Imps spent decades failing to create armored, flame-throwing ice cream scoopers, only to fail and move on to the next thing. Several imps spent years on devices like the mobile, automated, message-taking battle-suspension bridge. Several imps wasted their lives trying to create devices to get politicians to see reality as it is.

Although they live far apart, imps communicate using various devices. One such device was the letter writing via a telepathy circuit equipped chalk-writing machine. They did this because they liked to share news of each other’s latest efforts.

Quixaslot was more popular than most imps. He had thousands of devoted followers. He shared regular updates on his inventions. His followers took it all at face value, even the least credible updates where he offered more than he could deliver. His followers became highly excited about the impossible updates.

Quixaslot boasted about his flying robot pig and its upcoming trip to the Moon (a trip described as “upcoming” for decades). He bragged about his self-driving electric cart (alleged as coming “next year” for many years). They believed him, even though the facts were not on his side. They expected his eventual success.

His constant lack of success did not diminish his reputation. Imps never let a petty thing like repeated failure diminish their enthusiasm. Failure was not a reason for doubt. Failure was an expectation! Imps were supposed to fail all the time. Imps who were frequently successful were uncreative. They were failing to press their boundaries and were wasting their potential!

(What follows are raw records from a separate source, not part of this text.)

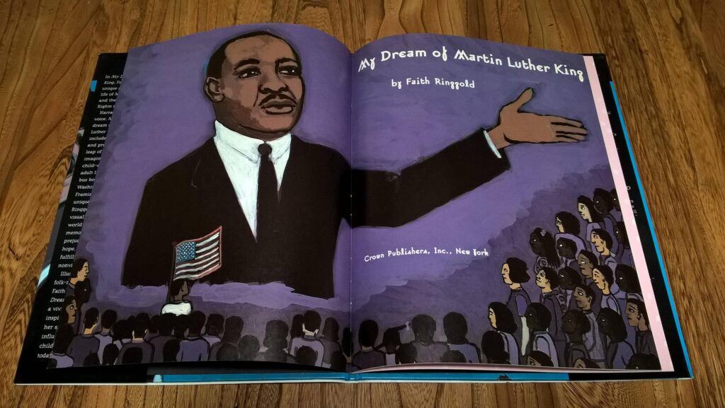 Black artist and activist Faith Ringgold created this children’s book, which tells the story of Martin Luther King’s life, narrated by a child’s understanding of Dr. King’s life through an imaginary dream.
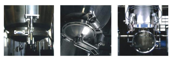 底部出料采用多种出渣门可选装置: 1. 快开保险式出渣门 可自动开闭罐盖,采用了三气缸控制,同时增设有保险装置,防止意外操作,安全系数较高。适合中小型出渣口使用。 2. 旋转式出渣门 全自动开闭罐盖;可以事先高温高压提取,转环式可达到3Bar以上,给提取工艺提供了更多的选择,也可以适应一些特殊的工艺要求,安全可靠,具有充分的安全保障功能、提取罐无泄漏。 3. 大口径出渣门 全自动开闭罐盖;可以实现高温高压提取,给提取工艺提供了更多的选择。此出渣门适合大口径倒锥型提取罐的出渣方式,安全系数高。
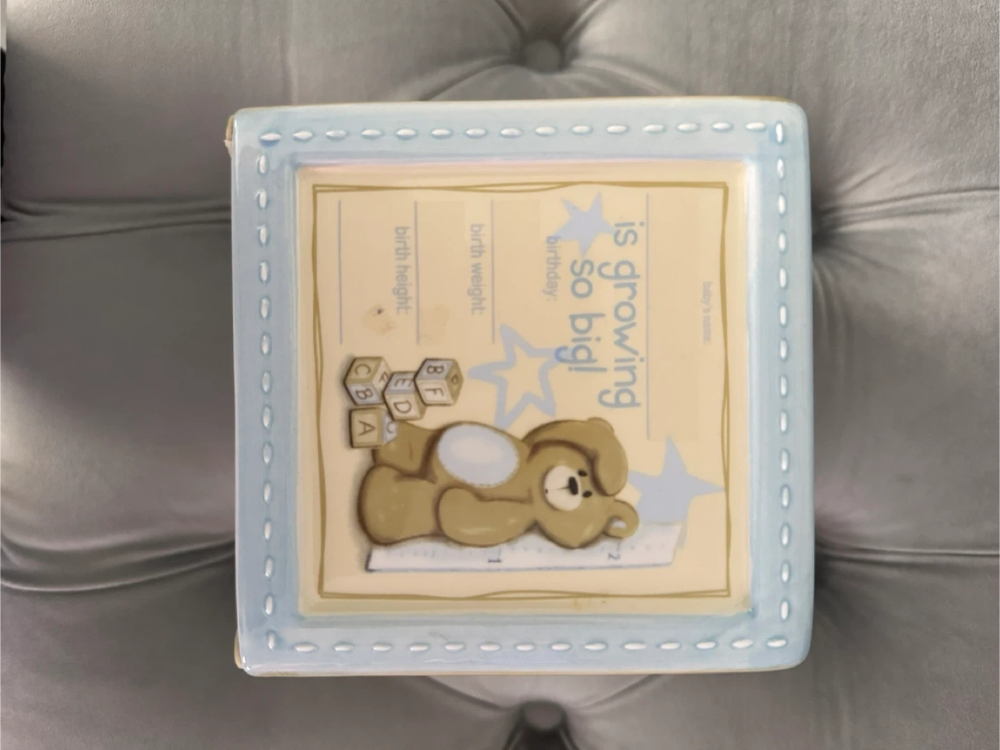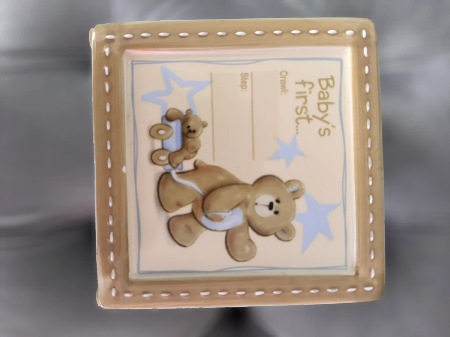 Here's a cute ceramic box for baby's first moments! It features adorable teddy bear designs and spaces to record important milestones like first smile, word, birthday, and more. Perfect for storing precious keepsakes!

Most imp machines are useless for their intended purpose. However, they do not consider repeated failure a reason to quit. They had conceived of the machine and created something. The design existed. That was a success. It made no difference whether the invention served its intended purpose.

Consider the exploding peanut-peeling machine. Or the indestructible money-counting machine buried thousands of feet beneath Mount Eserveris. It believes that its owner is wealthy enough to purchase several large galaxies.

Nonfunctional machines did not reflect poorly on their creators. It did not matter whether they functioned as intended. Their creation had a different purpose. They existed for the pleasure of creation. Their creator did not need to prove that the inventions worked as intended.

They felt no need to prove that their designs worked. They knew that when they drew them! The idea of a “proof of concept” was alien to the imps. For an imp, the design was proof of concept. If they could conceive of it, that proved it was possible! The design was never flawed. How is it their fault if reality stubbornly refuses to conform to specifications?

Should the peanut-counting machine count rocks and not peanuts, he was not to blame. He built it according to a perfect design. If reality refused to comply with the design? That was not his fault!

The mobile tea-drinking machine squatted before him, its body and arm tilted downwards as though it was enjoying a snooze.

Should I turn the thing on? The fusion drive is experiencing significant trouble. If it explodes, it won’t leave a crater on the lawn. It will leave a crater in spacetime. It would be as if everything within one hundred feet never existed. Quixaslot thought to himself as he rubbed his chin.

If it happened in the future, the temporal ripple would travel to the past and destroy me. But I exist now. Therefore, I will not explode in the future. So I can safely turn it on. Quixaslot clutched his right hand to his head. He was giving himself a headache.

Time travel is messy. What if I become my grandfather? What if some time traveler had to worry about their large blue time machine squashing the wrong amphibian as it crawled from the water? Quixaslot shook his head.